TASK PROMPT >> Each line below from the "后游覽【蚩尤陵】,蚩尤陵位于" line through the "图①:在山东省青岛市市北区大鲍岛休闲街区,游客在逛新春年味大集。新华社记者 李紫恒 摄" line, those two included, must be restated word for word; the pictures must not be.

Data items

※

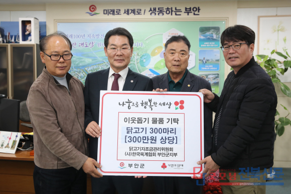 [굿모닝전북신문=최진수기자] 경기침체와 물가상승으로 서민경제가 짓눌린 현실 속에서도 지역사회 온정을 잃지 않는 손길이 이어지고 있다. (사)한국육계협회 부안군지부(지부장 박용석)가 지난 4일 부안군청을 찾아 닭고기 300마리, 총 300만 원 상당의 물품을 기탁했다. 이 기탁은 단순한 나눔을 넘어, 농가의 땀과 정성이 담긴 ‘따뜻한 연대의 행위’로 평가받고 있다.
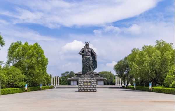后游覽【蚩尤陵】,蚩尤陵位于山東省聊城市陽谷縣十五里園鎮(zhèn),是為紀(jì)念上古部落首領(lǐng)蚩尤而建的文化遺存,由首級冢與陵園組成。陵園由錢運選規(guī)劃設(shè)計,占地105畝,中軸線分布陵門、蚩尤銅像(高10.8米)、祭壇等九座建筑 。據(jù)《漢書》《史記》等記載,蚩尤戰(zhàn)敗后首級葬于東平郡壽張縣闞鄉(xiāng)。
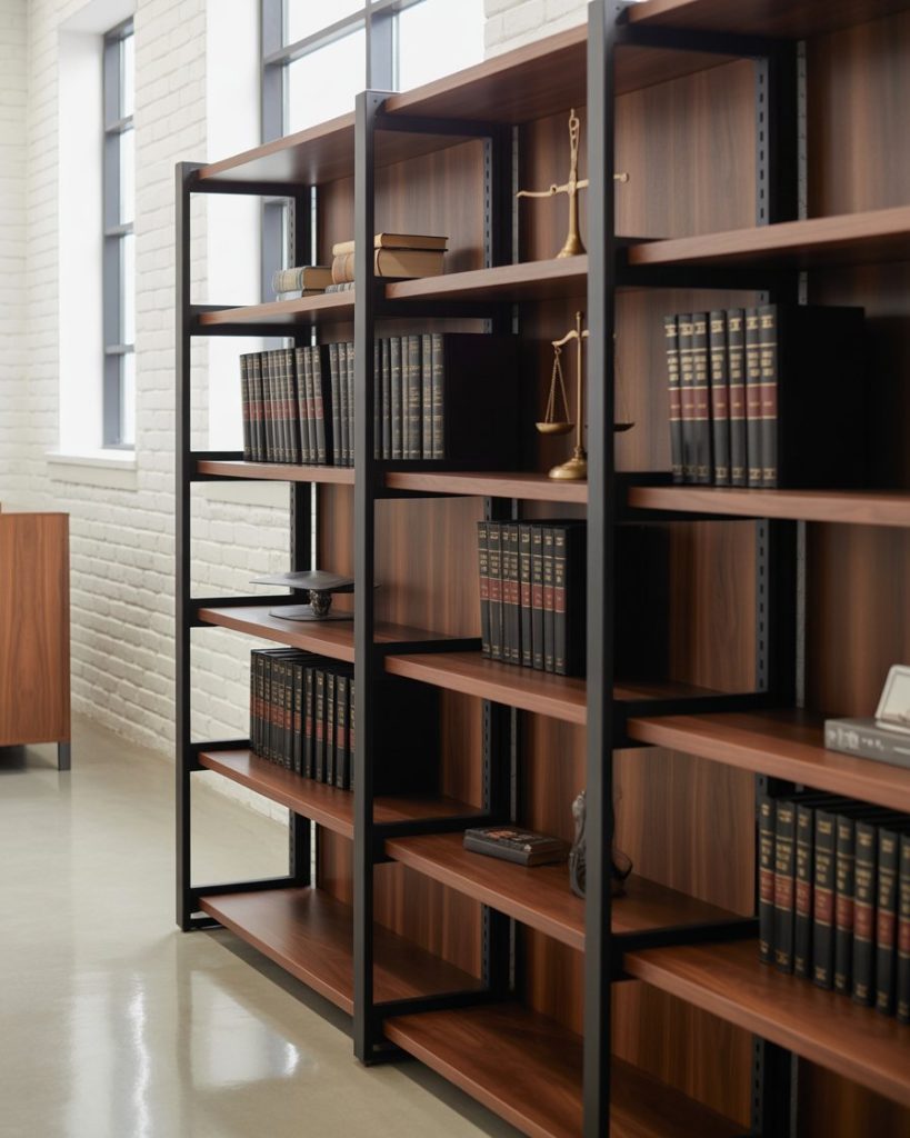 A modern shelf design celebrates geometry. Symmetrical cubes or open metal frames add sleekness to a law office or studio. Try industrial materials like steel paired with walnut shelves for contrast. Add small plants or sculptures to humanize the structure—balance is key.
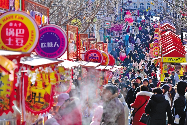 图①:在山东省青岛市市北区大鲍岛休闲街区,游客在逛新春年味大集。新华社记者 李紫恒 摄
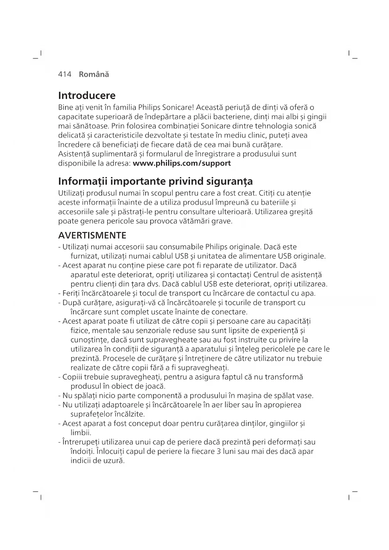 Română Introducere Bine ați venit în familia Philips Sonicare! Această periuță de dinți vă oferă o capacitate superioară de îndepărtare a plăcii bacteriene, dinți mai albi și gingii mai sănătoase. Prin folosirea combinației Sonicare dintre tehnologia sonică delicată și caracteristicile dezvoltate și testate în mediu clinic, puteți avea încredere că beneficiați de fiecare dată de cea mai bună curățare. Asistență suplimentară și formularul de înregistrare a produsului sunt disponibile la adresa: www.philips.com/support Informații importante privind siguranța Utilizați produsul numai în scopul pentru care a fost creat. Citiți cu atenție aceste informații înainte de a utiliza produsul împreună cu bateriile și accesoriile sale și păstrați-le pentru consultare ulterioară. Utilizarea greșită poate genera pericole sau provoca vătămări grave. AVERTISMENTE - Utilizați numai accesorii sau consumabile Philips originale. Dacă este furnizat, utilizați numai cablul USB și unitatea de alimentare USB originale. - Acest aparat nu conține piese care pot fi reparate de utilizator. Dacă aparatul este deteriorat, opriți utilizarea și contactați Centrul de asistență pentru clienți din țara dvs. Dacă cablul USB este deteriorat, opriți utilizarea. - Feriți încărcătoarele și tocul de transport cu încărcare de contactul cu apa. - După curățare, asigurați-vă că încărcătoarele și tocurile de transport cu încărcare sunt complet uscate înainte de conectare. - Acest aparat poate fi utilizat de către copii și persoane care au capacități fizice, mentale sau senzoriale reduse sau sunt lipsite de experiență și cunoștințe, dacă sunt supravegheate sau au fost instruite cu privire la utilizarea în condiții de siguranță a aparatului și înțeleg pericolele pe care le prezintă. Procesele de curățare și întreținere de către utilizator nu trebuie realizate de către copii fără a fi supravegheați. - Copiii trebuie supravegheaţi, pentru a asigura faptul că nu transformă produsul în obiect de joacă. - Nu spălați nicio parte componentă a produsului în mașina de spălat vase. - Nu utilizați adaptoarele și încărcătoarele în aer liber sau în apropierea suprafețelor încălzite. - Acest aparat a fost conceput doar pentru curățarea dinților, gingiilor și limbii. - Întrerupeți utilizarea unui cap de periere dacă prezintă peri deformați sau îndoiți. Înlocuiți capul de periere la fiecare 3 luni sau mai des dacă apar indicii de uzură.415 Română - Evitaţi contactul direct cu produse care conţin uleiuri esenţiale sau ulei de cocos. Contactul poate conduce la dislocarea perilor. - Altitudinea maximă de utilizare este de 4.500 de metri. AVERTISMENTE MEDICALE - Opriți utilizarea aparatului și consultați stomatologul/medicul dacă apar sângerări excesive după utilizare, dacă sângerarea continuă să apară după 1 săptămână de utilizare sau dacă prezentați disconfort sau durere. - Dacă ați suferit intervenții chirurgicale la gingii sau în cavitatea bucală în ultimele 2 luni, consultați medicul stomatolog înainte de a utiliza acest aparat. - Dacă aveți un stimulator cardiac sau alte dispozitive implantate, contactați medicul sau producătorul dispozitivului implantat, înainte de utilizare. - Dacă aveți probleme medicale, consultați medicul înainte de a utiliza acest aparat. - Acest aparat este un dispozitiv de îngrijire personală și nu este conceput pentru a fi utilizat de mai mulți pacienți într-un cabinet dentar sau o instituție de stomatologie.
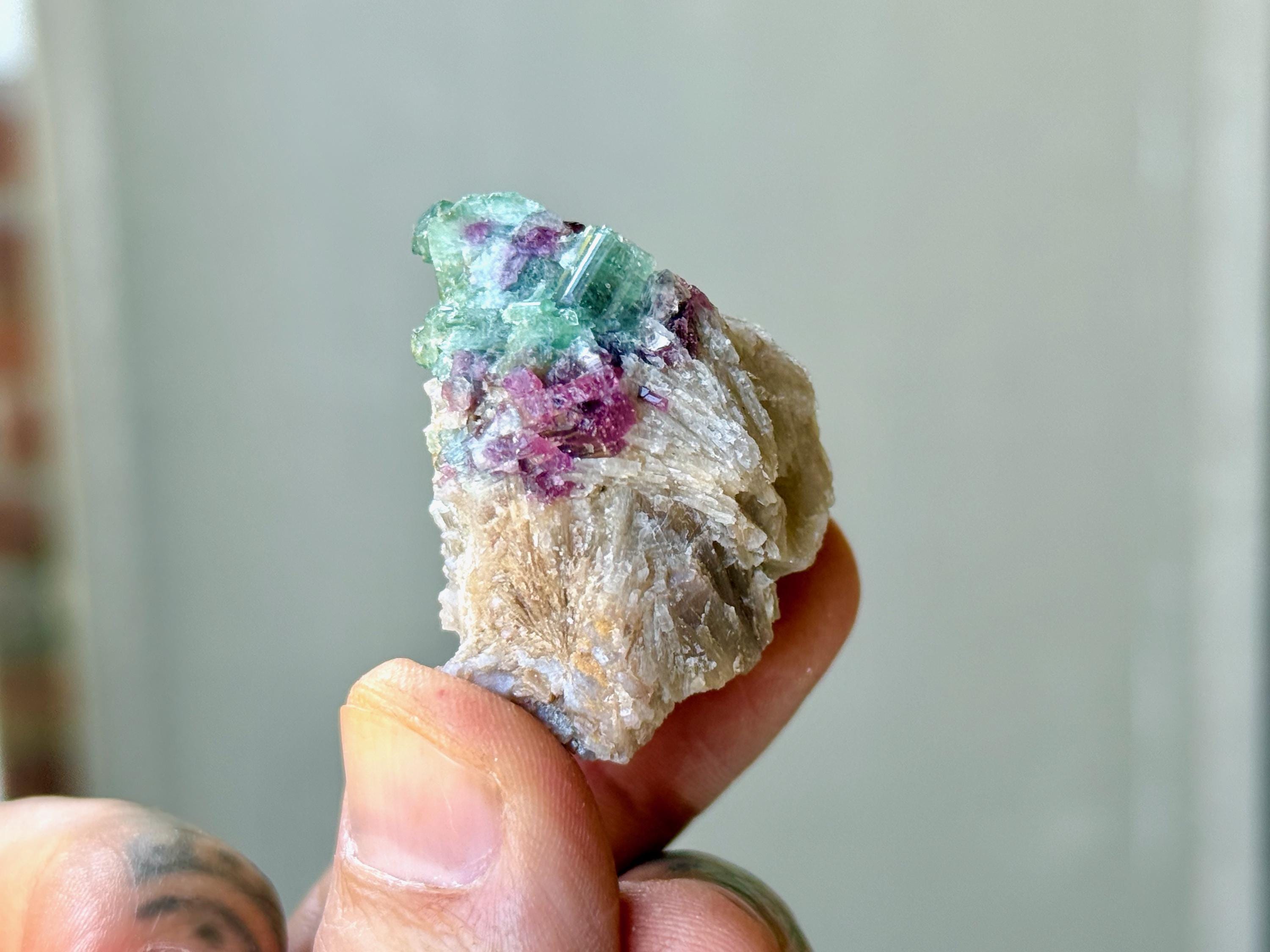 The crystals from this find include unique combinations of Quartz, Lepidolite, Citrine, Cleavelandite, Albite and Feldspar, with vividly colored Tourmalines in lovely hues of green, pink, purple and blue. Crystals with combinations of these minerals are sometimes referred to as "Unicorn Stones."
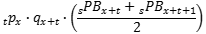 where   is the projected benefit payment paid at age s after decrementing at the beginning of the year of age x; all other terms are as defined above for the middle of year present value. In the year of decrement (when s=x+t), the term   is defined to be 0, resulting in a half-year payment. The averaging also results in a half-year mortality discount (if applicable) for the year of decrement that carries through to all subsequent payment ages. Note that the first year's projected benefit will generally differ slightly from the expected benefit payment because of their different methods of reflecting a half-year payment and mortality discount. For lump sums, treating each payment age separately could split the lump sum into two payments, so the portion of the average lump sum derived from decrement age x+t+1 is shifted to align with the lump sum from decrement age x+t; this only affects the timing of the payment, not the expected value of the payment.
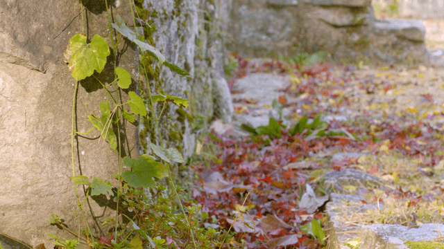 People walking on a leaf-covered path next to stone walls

※

RESPONSE TO THE TASK >>
后游覽【蚩尤陵】,蚩尤陵位于山東省聊城市陽谷縣十五里園鎮(zhèn),是為紀(jì)念上古部落首領(lǐng)蚩尤而建的文化遺存,由首級冢與陵園組成。陵園由錢運選規(guī)劃設(shè)計,占地105畝,中軸線分布陵門、蚩尤銅像(高10.8米)、祭壇等九座建筑 。據(jù)《漢書》《史記》等記載,蚩尤戰(zhàn)敗后首級葬于東平郡壽張縣闞鄉(xiāng)。
 A modern shelf design celebrates geometry. Symmetrical cubes or open metal frames add sleekness to a law office or studio. Try industrial materials like steel paired with walnut shelves for contrast. Add small plants or sculptures to humanize the structure—balance is key.
 图①:在山东省青岛市市北区大鲍岛休闲街区,游客在逛新春年味大集。新华社记者 李紫恒 摄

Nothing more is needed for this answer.